------ DATA TO USE ------

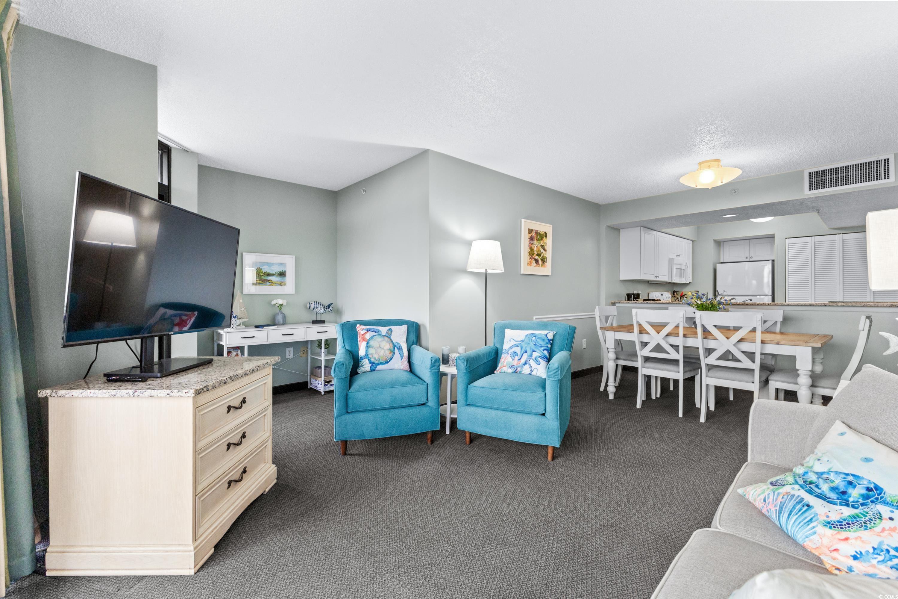 This stunning 3 bedroom / 2 bathroom Grande Shores condo offers a lifestyle of luxury and relaxation, perfectly situated on the ocean coast with mesmerizing ocean views. This newly updated 3 bedroom condo has plenty of space for family and guests to enjoy. The condo features upgraded vinyl plank flooring throughout the main hallway, kitchen area and bathrooms. New vanities with granite countertops were upgraded in both bathrooms as well as a new shower in the primary bathroom. The kitchen is adorned with granite countertops and upgraded cabinetry with plenty of storage space. The kitchen opens up beautifully into the dining/ living room space, perfect for entertaining guests. The condo amenities include 11 pool attractions: lazy rivers, indoor / outdoor pools, kiddie pool and hot tubs. Fitness center, seasonal pool bar/ grill, Shoreline Cafe, recreational sun lounge and beach access area. This condo offers not only a comfortable and elegant living space but also a resort-style experience with amenities for all to enjoy. It will make every day feel like vacation. Myrtle Beach is home to some of the best restaurants/ attractions/ entertainment, golfing, fishing, and shopping around! Don't miss this opportunity, whether you are looking for a primary residence, second home or an investment property to call your own. Motivated sellers!
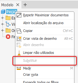 Sempre que uma peça ou montagem é criada como substituta, utilizando derivar ou simplificar, o componente resultante recebe o status substituto. O status substituto é exibido no menu de contexto do componente.
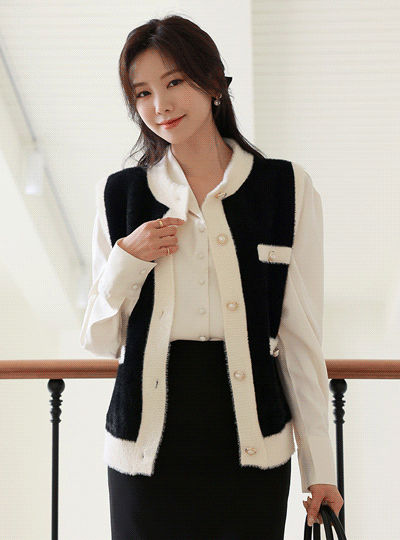 エレガンス 真珠 配色 チュール ベスト
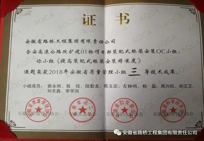 由公司选送的《提高装配式桥梁安装精准度》 QC小组课题荣获2018年安徽省质量管理小组三等技术成果。装配式桥梁尚属于公路桥梁施工研究阶段,此次QC小组活动成功解决墩柱安装存在的主要问题,为后续装配式桥梁施工提供了良好的施工经验,赢得了业主和监理单位的好评,提升了企业形象,取得了良好的社会效益。
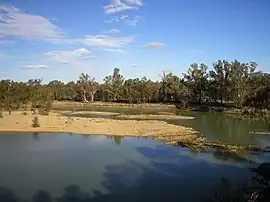 The Murray River flows through Colignan. This island, commonly known as Watts's or Colignan Island, is fully submerged when the river is high

------

▶ **TASK STATEMENT**: Start at the line that contains "エレガンス 真珠 配色 チュール ベスト" and retype every line through the end of the entries above, both ends included. Exclude all pictures.

▶ **ANSWER BOX**:
 エレガンス 真珠 配色 チュール ベスト
 由公司选送的《提高装配式桥梁安装精准度》 QC小组课题荣获2018年安徽省质量管理小组三等技术成果。装配式桥梁尚属于公路桥梁施工研究阶段,此次QC小组活动成功解决墩柱安装存在的主要问题,为后续装配式桥梁施工提供了良好的施工经验,赢得了业主和监理单位的好评,提升了企业形象,取得了良好的社会效益。
 The Murray River flows through Colignan. This island, commonly known as Watts's or Colignan Island, is fully submerged when the river is high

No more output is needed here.